Следующие дни тянулись так же однообразно, волнисто, бурно, холодно. Небо и море серые. А ведь это уж испанское небо! Мы были в 30-х градусах [северной] широты. Мы так были заняты, что и не заметили, как миновали Францию, а теперь огибали Испанию и Португалию. Я, от нечего делать, любил уноситься мысленно на берега, мимо которых мы шли и которых не видали. Париж возбуждал общий интерес. Мы оставили его в самый занимательный момент: Людовик-Наполеон только что взошел на престол. Англия одна еще признала его – больше ничего мы не знали. Улеглись ли партии? Сумел ли он поддержать порядок, который восстановил? тихо ли там? – вот вопросы, которые шевелились в голове при воспоминании о Франции. «В Париж бы! – говорил я со вздохом – Пожить бы там, в этом омуте новостей, искусств, мод, политики, ума и глупостей, безобразия и красоты, глубокомыслия и пошлостей, – пожить бы эпикурейцем, насмешливым наблюдателем всех этих проказ!» «А вот Испания с своей цветущей Андалузией, – уныло думал я, глядя в ту сторону, где дед указал быть испанскому берегу. – Севилья, caballeros (кавалеры) с гитарами и шпагами, женщины, балконы, лимоны и померанцы. Dahin (туда) бы, в Гренаду куда-нибудь, где так умно и изящно путешествовал эпикуреец Боткин, умевший вытянуть до капли всю сладость испанского неба и воздуха, женщин и апельсинов, – пожить бы там, полежать под олеандрами, тополями, сочетать русскую лень с испанскою и посмотреть, что из этого выйдет».

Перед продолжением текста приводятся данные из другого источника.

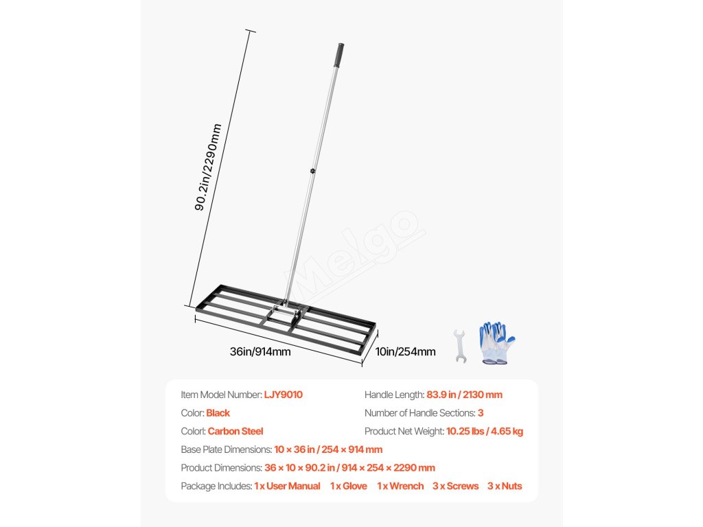 Hráble na vyrovnávanie trávnika, rúčka 83.9 in, doska 36×10in, 3 výšky

Но фрегат мчится – едва только дед успевает доносить начальству: 40, 38, 35 градусов, параллель – Сан-Винцента, Кадикса… Прощай, Испания, прощай, Европа! Прощайте, друзья мои! Увижу ли я вас? Дойдут ли когда-нибудь до вас эти строки, которые пишу, точно под шум столетней дубравы, хотя под южным, но еще серым небом, пишу в теплом байковом пальто? Далеко, кажется, уехал я, но чую еще север смущенной душой; до меня еще доносится дыхание его зимы, вижу его колорит на воде и небе. Я как будто близко. Я не вижу ни голубого неба, ни синего моря. Шум, холод и соленые брызги – вот пока моя сфера!

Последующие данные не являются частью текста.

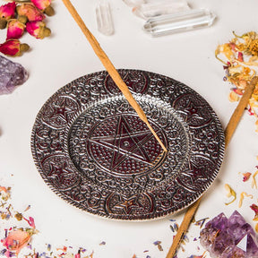 Round, silver metal incense holder and burner perfect for your witches altar!
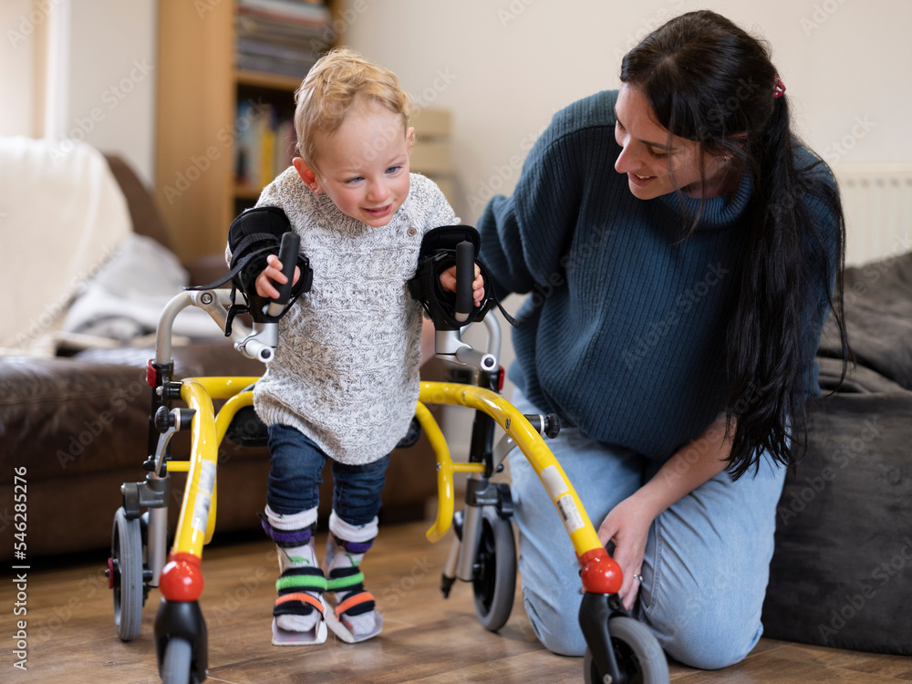 Mother assisting son with walking

18 января, в осьмой день по выходе из Англии, часов в 9 утра, кто-то постучался ко мне в дверь. «Кто там?» – спросил я. «Я», – послышался ответ. «А! Это вы, милый мой сосед?» – «Что вы делаете?» – спросил он. «Что?» – отвечал я вопросом, как Фаддеев. «Верно, лежите?» – «Почти…» – сказал я, барахтаясь от качки в постели, одолеваемый подушками. «Стыдитесь!» – «Я и то стыжусь, да что ж мне делать?» – говорил я, унимая подушки и руками, и ногами. «Мадера видна». – «Что вы? Фаддеев, Фаддеев!» – закричал я. Он вошел. «Что ж ты нейдешь будить меня? Мадера видна?» – спросил я, думая, не подшутил ли надо мной сосед. «Мадера?» – спросил Фаддеев, глядя на меня так тонко, как дай Бог хоть какому дипломату. «Ну да», – сказал я с нетерпением. Он стал смотреть на стену с обычным равнодушием. «Берег виден, – отвечал он, помолчав, – уж с седьмого часа». – «Что ж ты не пришел мне сказать?» – упрекнул я его. «Воды горячей не было – бриться, – отвечал он, – да и сапоги не чищены». – «Ну давай, давай одеваться! Что там наверху?» – «Господи! Как тепло, хорошо ходить-то по палубе: мы все сапоги сняли», – отвечал он с своим равнодушием, не спрашивая ни себя, ни меня и никого другого об этом внезапном тепле в январе, не делая никаких сближений, не задавая себе задач… «Господи! – отвечал я, – как тебе, должно быть, занимательно и путешествовать, и жить на свете, младенец с исполинскими кулаками! Живо, живо, одеваться!» – прибавил я. «Успеешь, ваше высокоблагородие, – отвечал он, – вот – на, прежде умойся!» Я боялся улыбнуться: мне жаль было портить это костромское простодушие европейской цивилизацией, тем более что мы уже и вышли из Европы и подходили… к Костроме, в своем роде.